The differences in performance can be explained by at least these factors:

  • the write barrier, which isn't easy to elide since we use a polymorphic 'a Vec.t for convenience. Specializing Vec.t on immediate/non-immediate types would certainly help here.
  • more cache misses (since all data in OCaml is stored as 64-bit words on x86_64, whereas minisat uses more compact 32-bit integers everywhere)
  • array bound checking (although we use unsafe_get and unsafe_set quite a lot)
  • more arithmetic for accessing slices in the clause allocator: to get the i-th literal of a clause, we access alloc.memory.(c + 1 + i). The clause c is an offset in the large integer array alloc.memory, and it points to the clause header, followed by literals.

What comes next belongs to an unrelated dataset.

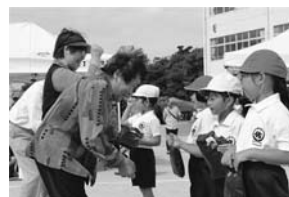
地域の方が参加する種目

In contrast, the C++ version provides a local temporary struct with the header and a direct pointer to the first literal; subsequent accesses to literals are just c.lits[i]. Here rust shines by providing a bound-checked slice whose lifetime is properly limited, preventing the temporary clause struct from becoming stale.

The differences in behavior come from discrepancies in the VSIDS heuristics, due to different floating point computations. At some point in non trivial problems, variable activities in the C++ and OCaml versions diverge slightly (after decay and renormalization, which involves a multiplication by 1e-20), which leads to a different variable being picked as a decision.

Msat seems to more often die of out-of-memory issues, which is not very surprising as it was never optimized to tackle such challenging workloads — its purpose is to serve as a CDCL(T) backend, not a pure SAT solver.

A sample flamegraph obtained via ./src/scripts/profile.sh _build/default/src/bin/minisat.exe benchs/basic/3bitadd_31.cnf.gz shows the hotspots of the OCaml code (the problem takes ~5.5s to solve).

Notes

the graphs were generated using Alexey Ignatiev's mkplot script.